Variational problems concerning sub-Finsler metrics in Carnot groups

TL;DR

This paper explores the convergence and properties of geodesic distances in Carnot groups, linking variational problems, intrinsic distances, and sub-Finsler metrics to deepen understanding of sub-Riemannian geometry.

Contribution

It establishes equivalences between uniform convergence of distances and $\Gamma$-convergence of variational problems in Carnot groups, and analyzes the relation between intrinsic distances and sub-Finsler metrics.

Findings

Characterization of uniform convergence via $\Gamma$-convergence.

Relation between intrinsic distances and sub-Finsler convex metrics.

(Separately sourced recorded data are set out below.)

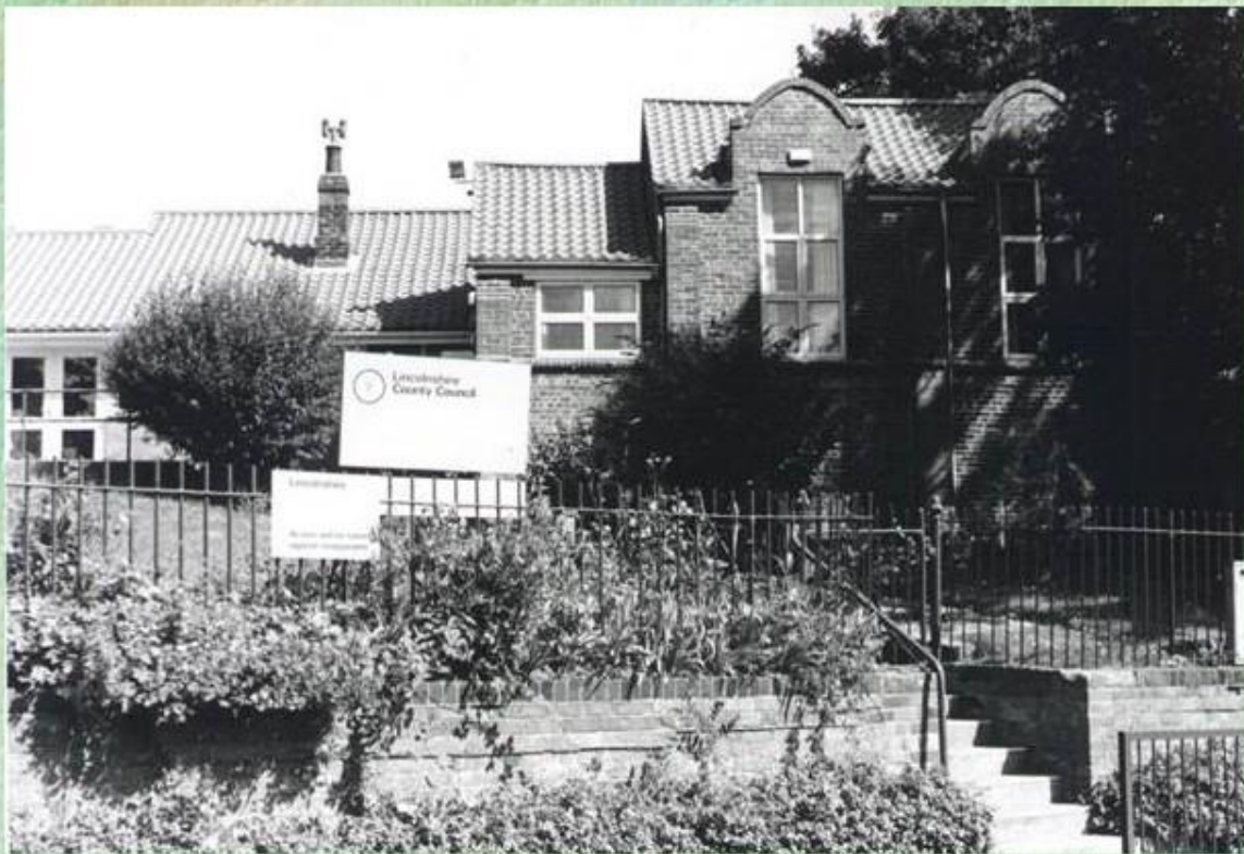
The exterior to the main part of the building has changed very little. The school is opposite the church on Vicarage Lane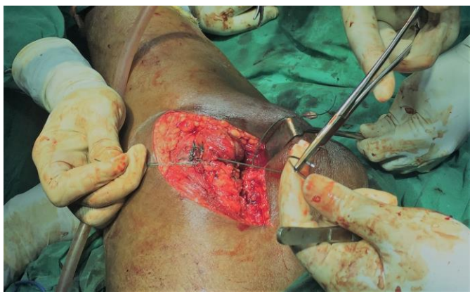
Fig 3: Greater Trochanter Reconstruction with Ethibond Sutures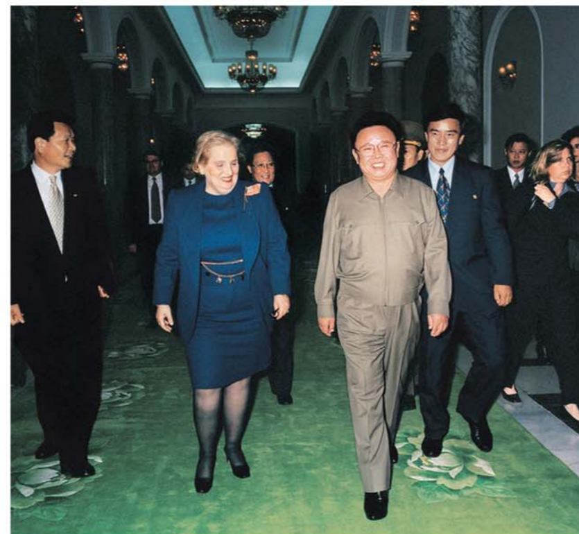
Kim Jong Il meeting Madeleine K. Albright, US State Secretary [October Juche 89 (2000)]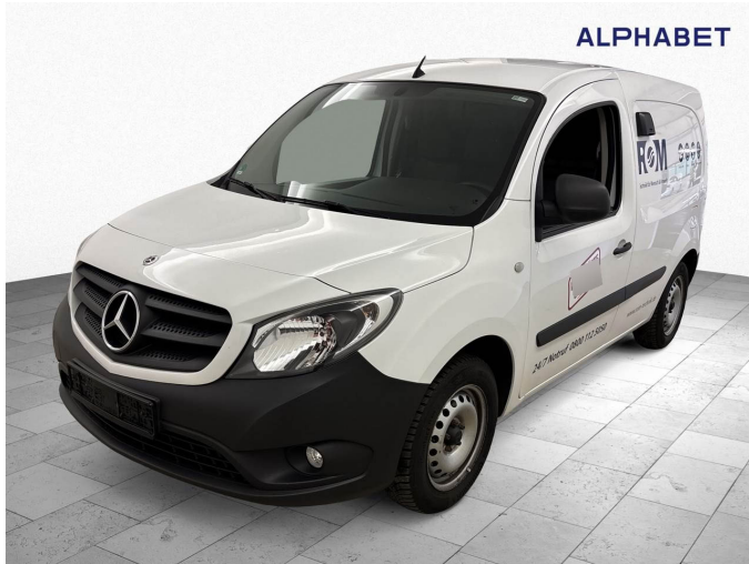
Figure 1: Diagonal front (left)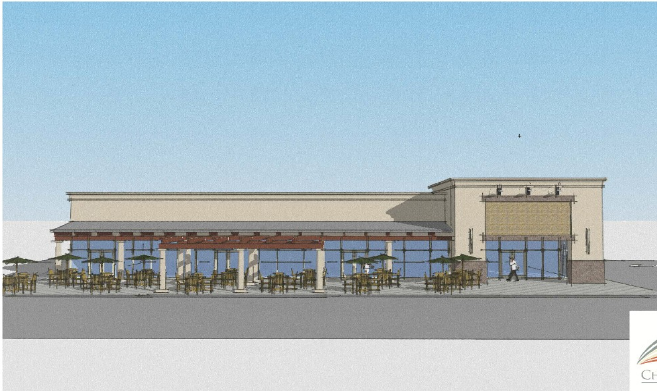
COUNTRY CLUB PLAZA - CORNER DEVELOPMENT

NE Corner of McNeese Street and Nelson Road Lake Charles, LA 70605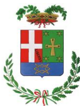
Provincia di Como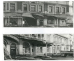
Mining Exchange_Streetscape_3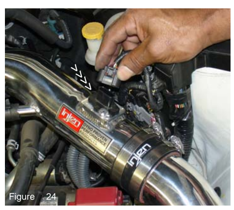
Press the electrical sensor clip over the mass air flow sensor until it snaps in place.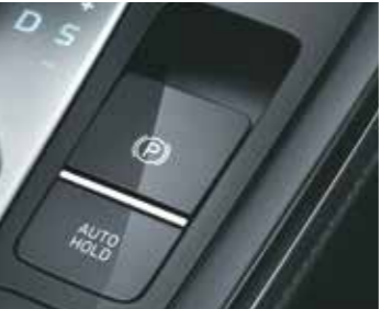
Electric parking brake with auto hold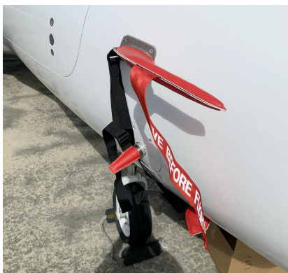
Beech Premier Pitot, AOA, Rosemont Cover Set

The Hawker Beechcraft Premier 390 Intake/Exhaust Plugs are custom fit for the intake and exhaust openings, made with heavy-duty vinyl material, and stuffed with a single block of sculpted urethane foam. Each plug has a zipper that allows the foam to be removed and dried if necessary. Engine plugs have 'remove before flight' streamers sewn onto the face of the plugs. Most plugs are imprinted with the aircraft registration number in black. Engine plugs may be inserted after flight when the engine is still warm. Engine Inlet Plugs are commonly referred to as Cowl Plugs, Intake Plugs, Cowl Blocks, Engine Blocks, and Engine Bungs.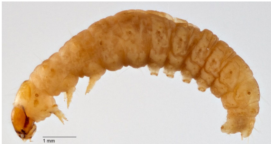
Figure 3. Late instar larva of Crocidosema aporema .

The body color is variable green to yellowish green. The head capsule is shiny and black in early instars (1–3) (Fig. 2). In later instars (4–5), the head is reddish brown with a lateral black dash on each side (Fig. 3). Fully grown larvae are approximately 10 mm (0.39 in) long (Morey, 1972).

Insights into the structure of geodesic distances in Carnot groups.

Abstract

This paper is devoted to the study of geodesic distances defined on a subdomain of a given Carnot group, which are bounded both from above and from below by fixed multiples of the Carnot-Carath\'{e}odory distance. We show that the uniform convergence (on compact sets) of these distances can be equivalently characterized in terms of $\Gamma$-convergence of several kinds of variational problems. Moreover, we investigate the relation between the class of intrinsic distances, their metric derivatives and the sub-Finsler convex metrics defined on the horizontal bundle.